Un ex-avocat radié 12 ans
Florence Tison
2020-07-20 14:15:00
M. Boulanger, qui n’a pas d’antécédents disciplinaires, était accusé par la syndique adjointe du Barreau Me Catherine Trinci Telmose :
- d’avoir utilisé à des fins autres que celles pour lesquelles elles lui avaient été remises des sommes totalisant 133 500 $;
- d’avoir signé un document attestant détenir en fidéicommis des sommes de 100 000 $ et de 150 000 $ sachant ou devant savoir que cette information était fausse;
- d’avoir fait défaut de déposer dans son compte en fidéicommis un montant de 16 500 $, s’appropriant ainsi illégalement un tel montant et d’avoir faussement laissé croire à un client que les sommes remises à titre de dépôt étaient toujours détenues dans son compte en fidéicommis.
L’ex-avocat a enregistré un plaidoyer de culpabilité et s’est trouvé coupable des 10 chefs de la plainte.
Il n’a pas présenté de défense ni d’argument, ni contesté les sanctions demandées par la syndique, qui lui ont été imposées par la décision du Conseil : une radiation temporaire de 10 ans, une radiation consécutive temporaire de deux ans, et une radiation de 15 jours à être purgée de façon concurrente à la première de 10 ans.
« Même si l’intimé a démissionné du tableau de l’Ordre et qu’il dise maintenant à la retraite, le Conseil considère que s’il devait revenir à la pratique, le risque de récidive serait toujours très présent », indique la décision.
M. Boulanger doit de plus rembourser, en subrogation aux droits des trois clients, un montant de 150 000 $ au Fonds d’indemnisation du Barreau du Québec, le tout avec la publication d’un avis de la décision à ses frais.
Détournement de près de 150 000 $
Dans le cadre de l’acquisition d’un immeuble à Montréal, un client fait appel à Yves Boulanger en mai 2018 pour qu’il détienne en fidéicommis le dépôt prévu à l’offre d’achat : 50 000 $ dans les 10 jours de l’acceptation de l’offre, et le même montant après le « Due diligence period ».
Un amendement du client à l’offre d’achat amène M. Boulanger à encaisser dans son compte en fidéicommis un chèque de 16 500 $, toujours à titre de dépôt.
Un deuxième client, partenaire d’affaires du premier, donne pour le dépôt un chèque de 33 500 $ à être déposé dans le compte en fidéicommis de l’ex-avocat.
Le 20 juin 2018, il ne reste plus rien de ces sommes dans le compte en fidéicommis.
Un autre amendement du premier client amène une somme additionnelle de 50 000 $ pour le dépôt, que l’ancien avocat doit détenir dans son compte en fidéicommis.

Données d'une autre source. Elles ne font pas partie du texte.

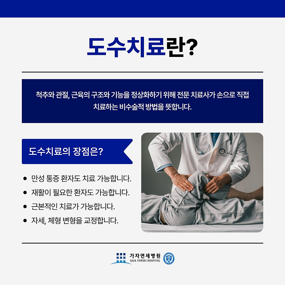 도수치료는 숙련된 치료사가 손을 이용하여 관절과 근육을 직접 교정하고 움직임을 회복시키는 치료 방법입니다. 단순한 마사지가 아닌, 관절의 움직임을 정상화하고 근육 밸런스를 맞춰주는 치료이기 때문에 통증 완화와 기능 회복에 효과적일 수 있습니다.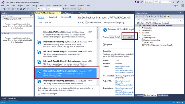 Choose Browse and search Microsoft.Toolkit.Uwp.UI.Controls, select the package and install it.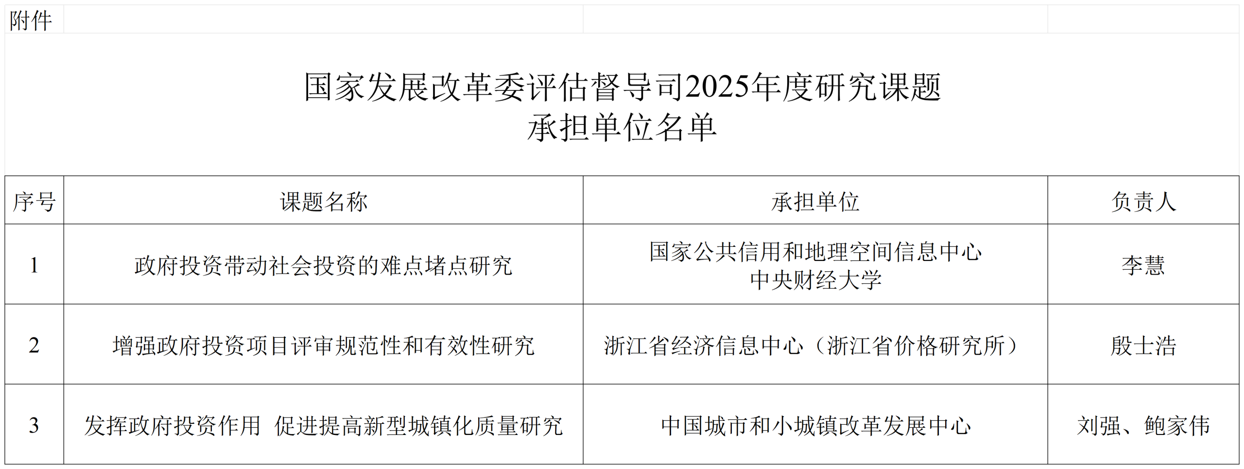 國家發展改革委評估督導司關于2025年度研究課題入選單位的公告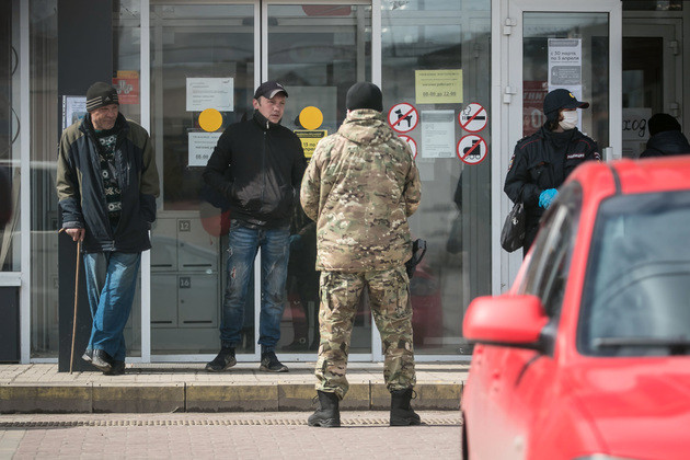 Неподалеку у продуктового центра полиция и ОМОН «построили» четырех граждан, с виду напоминающих бездомных. Но как к ним подойти? Тут тоже нужна осмотрительность – а вдруг – вирусоносители? Без парней в противочумных халатах может и не обойтись. В стороне от шума городского торговали саженцами, работали автомастерские. Жизнь, как весенняя поросль, пробивалась в Петушках то там, то сям, невзирая на коронавирус.

M. Boulanger déclare détenir 100 000 $, dont il n’a en réalité aucun sou.
De septembre à novembre, M. Boulanger encaisse un à un dans son propre compte les chèques destinés au dépôt avant l’achat de l’immeuble de ses clients.
Un troisième client se rajoute aux deux premiers en tant que partenaire d’achat de l’immeuble, ce qui donne à M. Boulanger un autre chèque de 50 000 $. Il déclare détenir 150 000 $ dans son compte en fidéicommis, ce qui est faux.
L’achat de l’immeuble se fait finalement sans dépôt en janvier 2019. Les trois clients n’arrivent pas à se faire rembourser la somme par l’ex-avocat, et requièrent les services de l’avocat Me Julien Denis, du cabinet Astell Lachance Du Sablon De Sua.
« L’intimé n’a jamais remis ledit dépôt malgré ses engagements de le faire, souligne la décision. Il a invoqué diverses raisons pour expliquer le fait que le remboursement du dépôt était retardé. Il a seulement adressé au Barreau du Québec deux lettres datées des 3 et 20 juin 2019 dans lesquelles il affirme que ses clients seront remboursés, ce qu’il a toujours omis de faire. »
L’ex-avocat a prétexté être retenu dans un procès, que son compte de banque avait été gelé par son institution financière, puis des raisons techniques hors de son contrôle pour éviter le remboursement des 150 000$.
Les trois réclamations de 50 000 $ seront finalement remboursées par le Fonds d’indemnisation du Barreau du Québec.
Droit-inc a tenté de joindre M. Boulanger, mais son numéro de téléphone ne peut recevoir d’appel, explique un message enregistré.